• Exercise data
+ + +

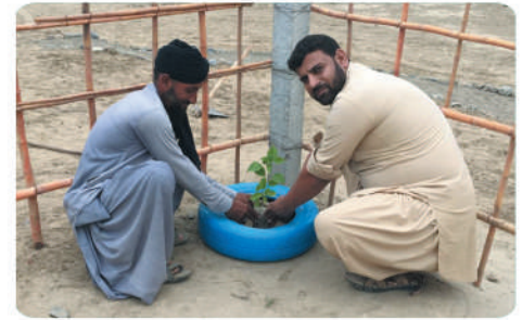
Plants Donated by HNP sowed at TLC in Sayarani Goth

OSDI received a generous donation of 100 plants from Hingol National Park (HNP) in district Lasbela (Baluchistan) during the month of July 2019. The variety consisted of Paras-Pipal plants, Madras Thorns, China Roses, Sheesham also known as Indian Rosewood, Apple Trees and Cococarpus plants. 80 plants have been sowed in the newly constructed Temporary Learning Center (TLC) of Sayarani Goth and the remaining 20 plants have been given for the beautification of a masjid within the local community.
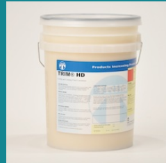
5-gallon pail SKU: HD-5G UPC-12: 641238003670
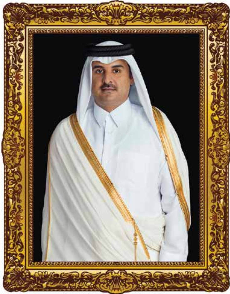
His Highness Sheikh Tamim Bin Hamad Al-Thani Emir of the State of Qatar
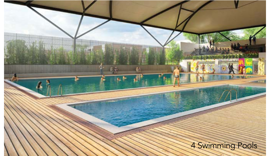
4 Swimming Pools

+ + +

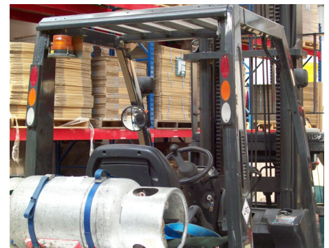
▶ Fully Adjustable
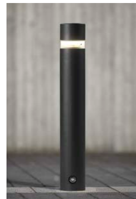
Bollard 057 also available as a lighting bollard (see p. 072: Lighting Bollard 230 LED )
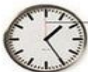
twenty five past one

+ + +

• What you are asked to do
In the data above, take the line with "5-gallon pail SKU: HD-5G UPC-12: 641238003670", the line with "4 Swimming Pools", and every line between, and set them down exactly without pictures.

• Problem solution
5-gallon pail SKU: HD-5G UPC-12: 641238003670
His Highness Sheikh Tamim Bin Hamad Al-Thani Emir of the State of Qatar
4 Swimming Pools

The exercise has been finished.